> [SOURCE DATA]:
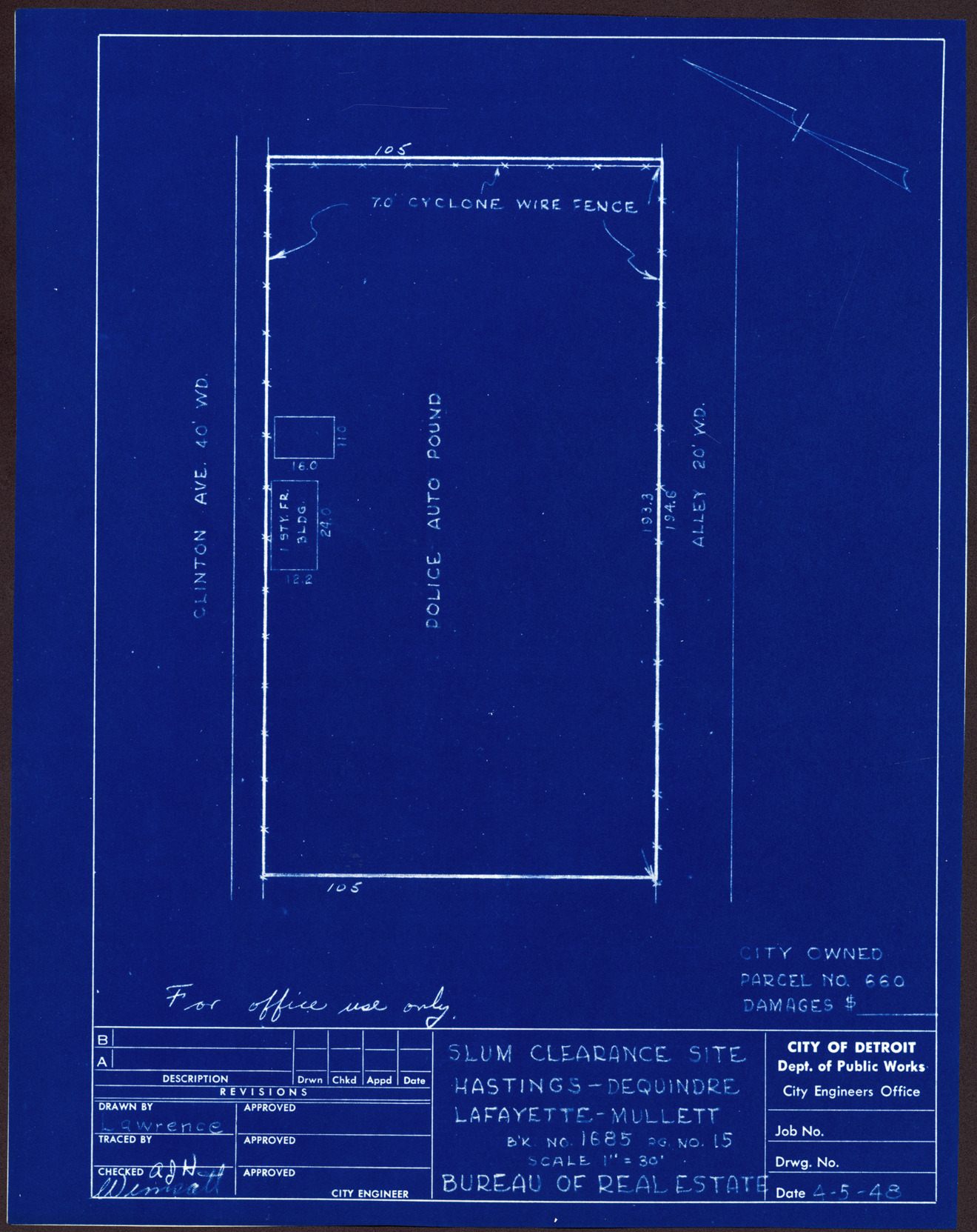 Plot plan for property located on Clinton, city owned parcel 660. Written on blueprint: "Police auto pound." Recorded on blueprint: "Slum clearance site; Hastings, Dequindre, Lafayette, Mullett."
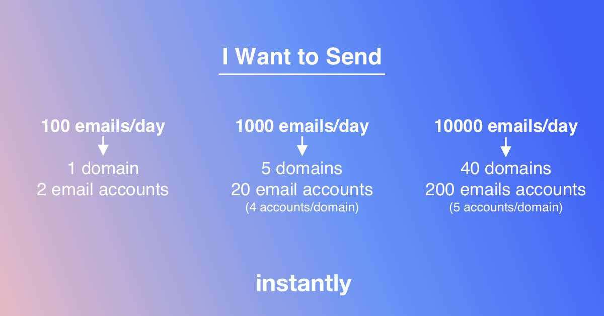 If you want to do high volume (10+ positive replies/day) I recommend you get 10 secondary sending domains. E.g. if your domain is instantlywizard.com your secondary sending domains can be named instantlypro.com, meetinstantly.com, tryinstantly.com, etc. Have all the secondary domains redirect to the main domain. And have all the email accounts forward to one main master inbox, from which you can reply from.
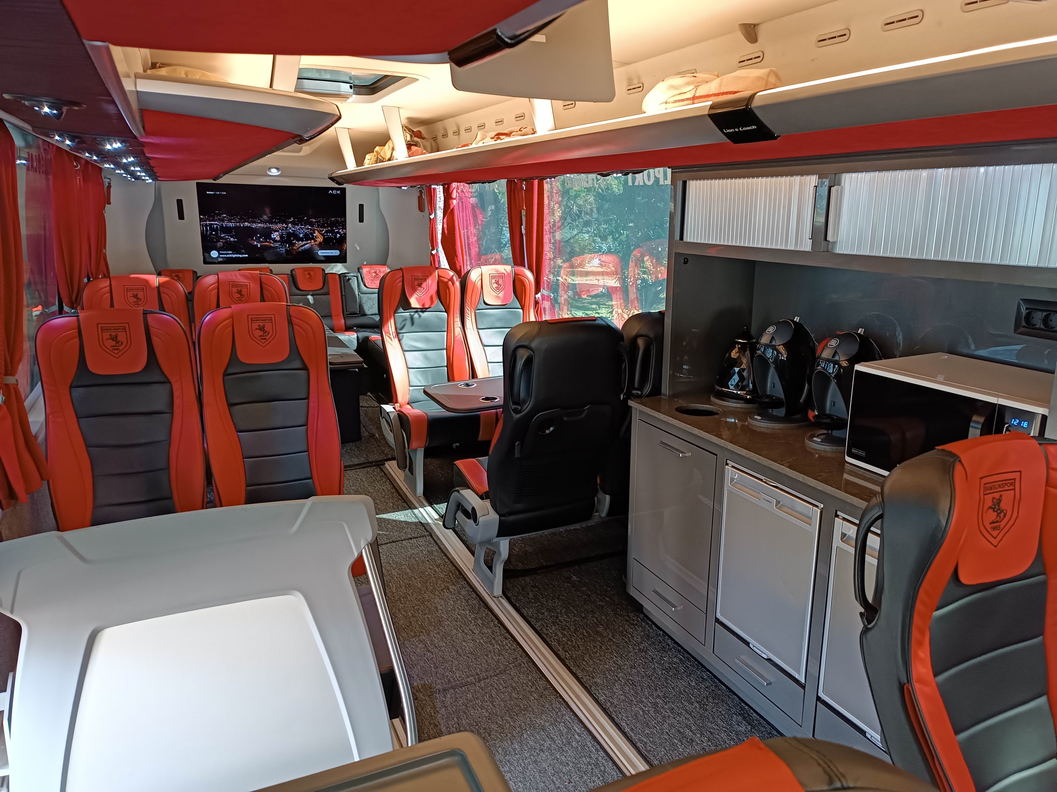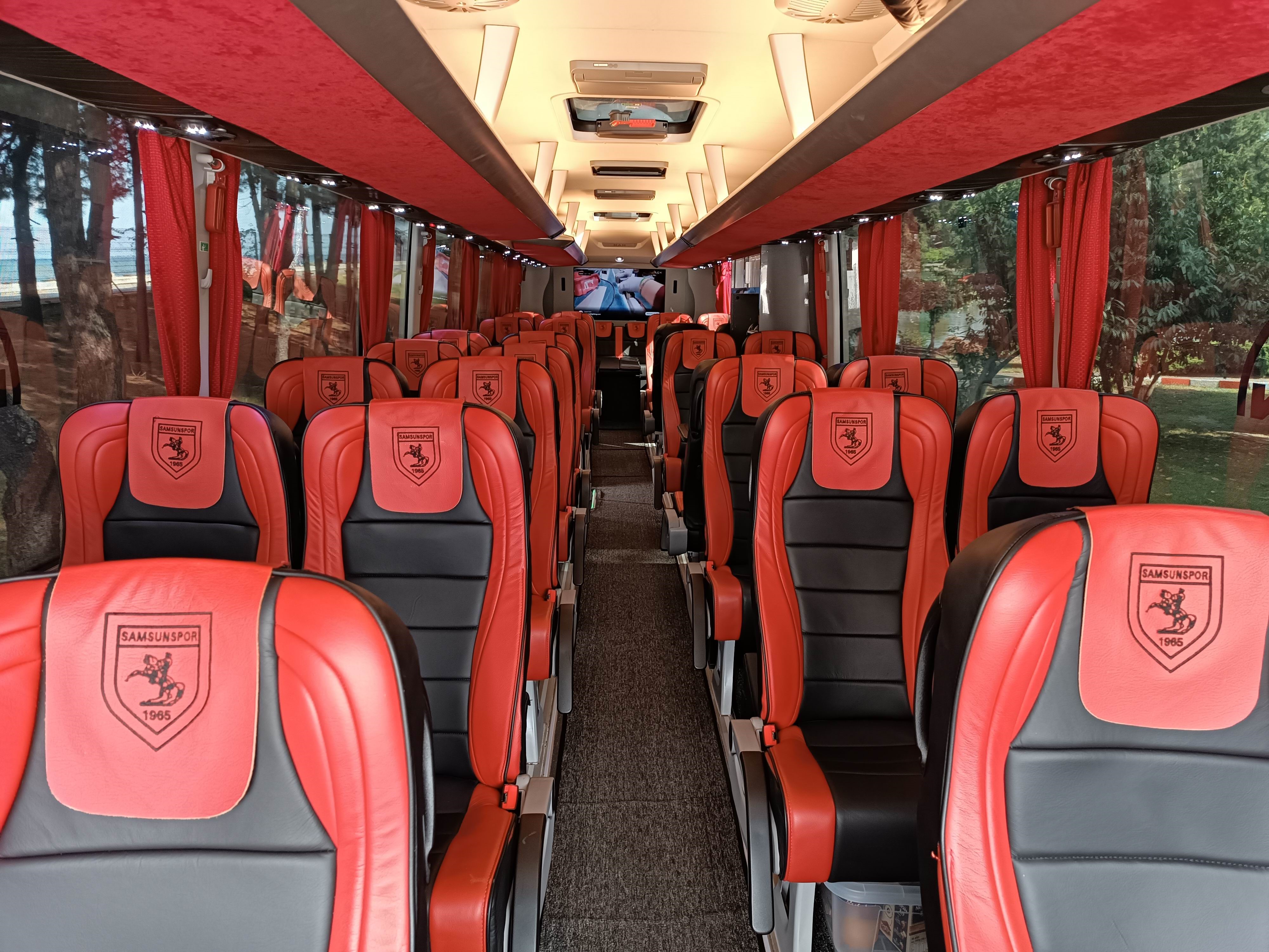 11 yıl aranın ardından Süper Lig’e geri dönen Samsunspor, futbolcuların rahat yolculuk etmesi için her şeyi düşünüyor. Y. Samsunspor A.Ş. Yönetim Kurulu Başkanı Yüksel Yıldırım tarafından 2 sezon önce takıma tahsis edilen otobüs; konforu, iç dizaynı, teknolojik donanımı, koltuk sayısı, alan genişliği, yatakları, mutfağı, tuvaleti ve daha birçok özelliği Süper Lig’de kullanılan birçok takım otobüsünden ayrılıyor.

> [EXERCISE DETAILS]:
The answer should hold every line of the listing, copied exactly, with no pictures.

> [THE COMPLETED TASK]:
 Plot plan for property located on Clinton, city owned parcel 660. Written on blueprint: "Police auto pound." Recorded on blueprint: "Slum clearance site; Hastings, Dequindre, Lafayette, Mullett."
 If you want to do high volume (10+ positive replies/day) I recommend you get 10 secondary sending domains. E.g. if your domain is instantlywizard.com your secondary sending domains can be named instantlypro.com, meetinstantly.com, tryinstantly.com, etc. Have all the secondary domains redirect to the main domain. And have all the email accounts forward to one main master inbox, from which you can reply from.
 11 yıl aranın ardından Süper Lig’e geri dönen Samsunspor, futbolcuların rahat yolculuk etmesi için her şeyi düşünüyor. Y. Samsunspor A.Ş. Yönetim Kurulu Başkanı Yüksel Yıldırım tarafından 2 sezon önce takıma tahsis edilen otobüs; konforu, iç dizaynı, teknolojik donanımı, koltuk sayısı, alan genişliği, yatakları, mutfağı, tuvaleti ve daha birçok özelliği Süper Lig’de kullanılan birçok takım otobüsünden ayrılıyor.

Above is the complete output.